In The Nightmare We Stay

Примечание

1. Пост-канон концовки "Начало детства".

2. Есть теория, согласно которой Гилберт мог быть охотником в первое время по приезду в Ярнам. Скорее всего - нет, но здесь мы допускаем, что да.

Stay with me awhile

Rise above the vile

Name my final rest

Poured into my chest


Opeth — Harvest



— Если… — Гилберт не договорил — умолк, захлебнувшись кашлем, и болезненно согнулся. Охотник чувствовал, как содрогнулось его тело, вздрогнул сам, но — так и не открыл глаз.

И — ничего не сказал.

Голова Охотника лежала у Гилберта на коленях. Сам Гилберт сидел в кресле-коляске, как и всегда, — чуть наклонившись, подперев подбородок ладонью и привычно глядя на занавешенное окно.

Он почти не удивился, когда Охотник устроился прямо на полу, у него в ногах, только — убрал книгу с колен.

Кажется, усмехнулся.


«Будь, как дома».


Охотник беззвучно улыбнулся в ответ — такое в Ярнаме говорили нечасто, а на его памяти — вообще никогда. И совсем неважно, что Гилберт был вовсе не из Ярнама.
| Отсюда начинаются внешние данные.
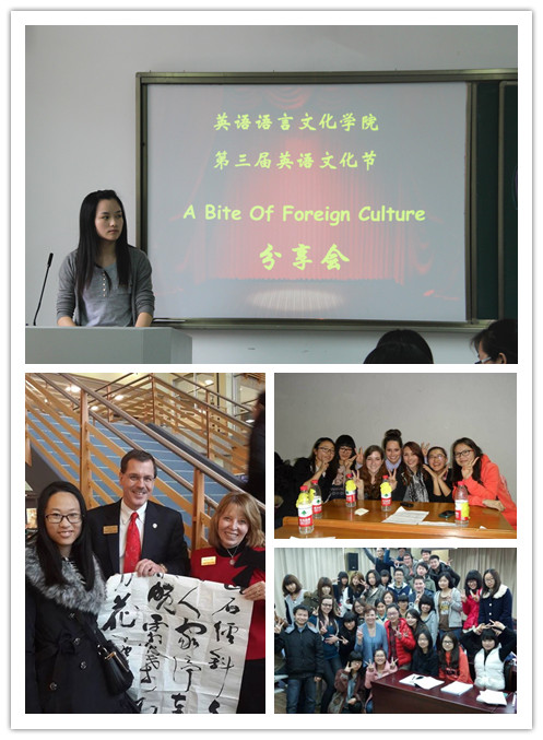 赴威斯康星大学河城校区、美国华盛本大学、美国中阿肯色大学、台湾屏东大学和暑期赴美带薪实习的6名员工代表从语言学习、项目申请、课程选择、文化差异等方面分享了他们交流学习的感受和收获。此外,来自商务英语实验班的员工代表介绍了他们与美国18名“体验中国”职工一起学习生活的经历。他们通过丰富的图文和视频将境外学习、生活情况栩栩如生地展现在大家眼前,其间穿插了趣味问答环节,使听众在活跃的氛围中加深了对不同文化的了解。
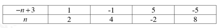 \(- 3 + \dfrac{5}{{ - n + 3}} \in \mathbb{Z} \Rightarrow \dfrac{5}{{ - n + 3}} \in \mathbb{Z} \Rightarrow - n + 3 \in \left\{ { \pm 1; \pm 5} \right\}\)

Они сидели в темноте: свечу для чтения Гилберт давно задул, и теперь рассеянно поглаживал книжные страницы, даже не пытаясь их читать. Охотник — слушал.

Сейчас, во тьме и молчании, его странный мир сжался до бумажного шороха, до острых колен, до сорочки под щекой и до тихого, хриплого кашля.

Гилберт молчал.

Охотник — слушал.

Как и всегда, слушал.


— Когда Охота закончится и наступит рассвет — что будешь делать?
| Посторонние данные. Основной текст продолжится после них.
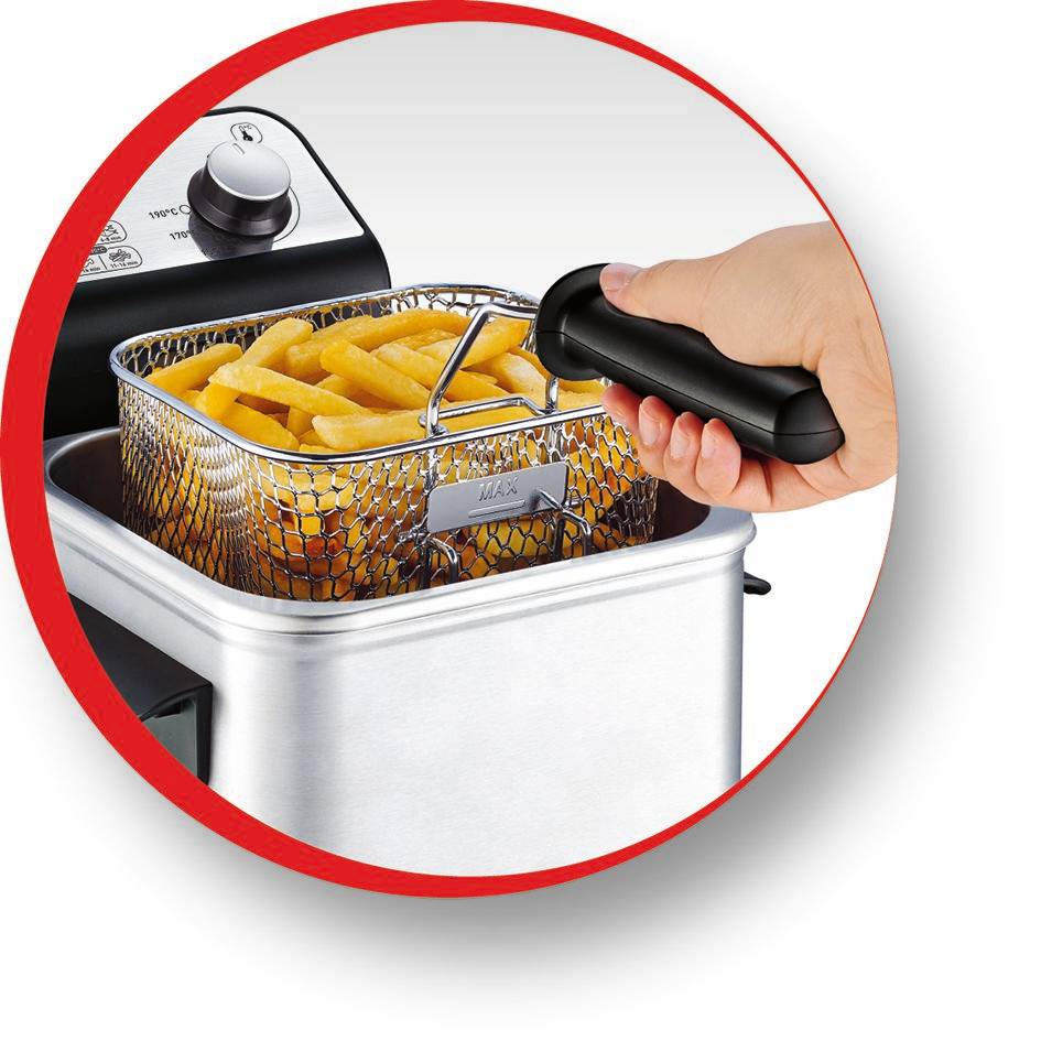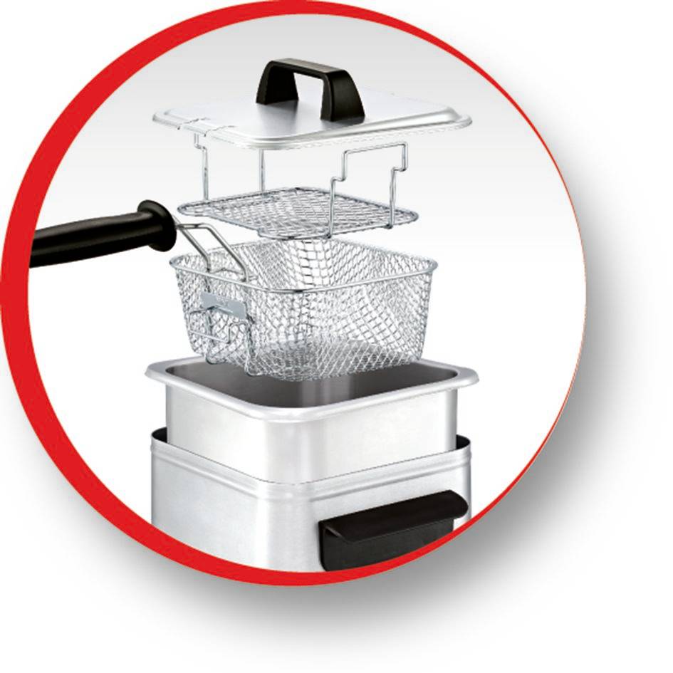 Compact Pro es una freidora semiprofesional con tecnología de zona de toque frío y una potencia de 1700 W. Con su capacidad para 2 l de aceite puede freír hasta 600 g de deliciosos aperitivos, como una profesional. Dispone de una resistencia sumergida para unos resultados rápidos y excelentes. Su cuba de acero inoxidable es extraíble, por lo que es muy fácil de usar y de limpiar. Compact Pro puede desmontarse por completo y todos sus componentes, excepto la resistencia, son aptos para el lavavajillas. Puedes ajustar la temperatura de 150°C a 190°C, y dispones de un accesorio exclusivo para freír en 2 niveles dentro de la cesta y evitar que los aperitivos se peguen. ¡Antes de la Compact Pro nunca había sido tan fácil freír como un profesional y obtener resultados profesionales!

Упорно спрашивая снова, Гилберт сменил обреченное «если» на уверенное «когда». Его «когда» — жёсткое и злое, мстительное. Таких интонаций в голосе Гилберта Охотник ещё не слышал, и сейчас они жгли кровь в венах.

Странно.

Страшно.

Такие человеческие чувства — которые ему, вообще-то, уже не подходят…


— Уедешь отсюда, Добрый Охотник?


Тот не ответил — только моргнул и едва заметно качнул головой, — словно не знал, что ему делать и как жить без вечной ярнамской Охоты.

Вдохнул.

Пальцы Гилберта, — дрожащие, тонко-сухие, — вплелись ему в волосы, и выдох сорвался.

Гилберт отдёрнул руку, как от огня.


— Прошу меня простить. Я задумался.


Охотник кивнул.

Он знал: во тьме Гилберт не видел его лица, но точно чувствовал кивок сквозь сорочку. И, может быть, даже понял, что Охотник был совсем не против его руки в своих волосах.

Гилберт, Гилберт…

Такой учтивый и такой умирающий.

Ему бы взять огнемёт, вколоть себе кровь и нестись, куда глаза глядят, сжигая всё на своём пути, — пока сердце не остановится, пока горло не перегрызут здешние твари. Ему бы забыть о вежливости, о морали, делать всё, что только заблагорассудится — пока смерть не заберёт его.

Она ведь близко, Гилберт точно чувствовал это.

И всё равно — не жил в полную силу.

Не хотел.

Смирился.

Или верил, что ещё поживёт?


Охотник не знал наверняка, о чём думал Гилберт, но — знал, что тот ошибался. Его учтивый, смирившийся Гилберт верил в рассвет и в конец Охоты. Почти не верил в то, что выздоровеет, зато — верил в то, что Охотник доживёт до конца. Порежет всех, кто окажется у него на пути, найдёт свою бледную кровь — и уедет из Ярнама, как ни в чём не бывало.

Гилберт совершенно не верил в то, что Охотник уедет из Ярнама с ним.

Но — часто думал о том, что сам когда-нибудь сможет уехать из Ярнама с Охотником.


Иногда, — Охотник чувствовал, — Гилберт мечтал о рассвете.

О том, что солнечный свет растворит яд в крови, и что болезнь куда-нибудь уйдёт, что на улицах снова появятся люди — и он сможет выйти, почувствовать мостовую под ногами и тёплый ветер на лице. Обычный ветер, с запахом нагретых крыш, листвы и чего-то живого, — а не кровавого, мёртвого.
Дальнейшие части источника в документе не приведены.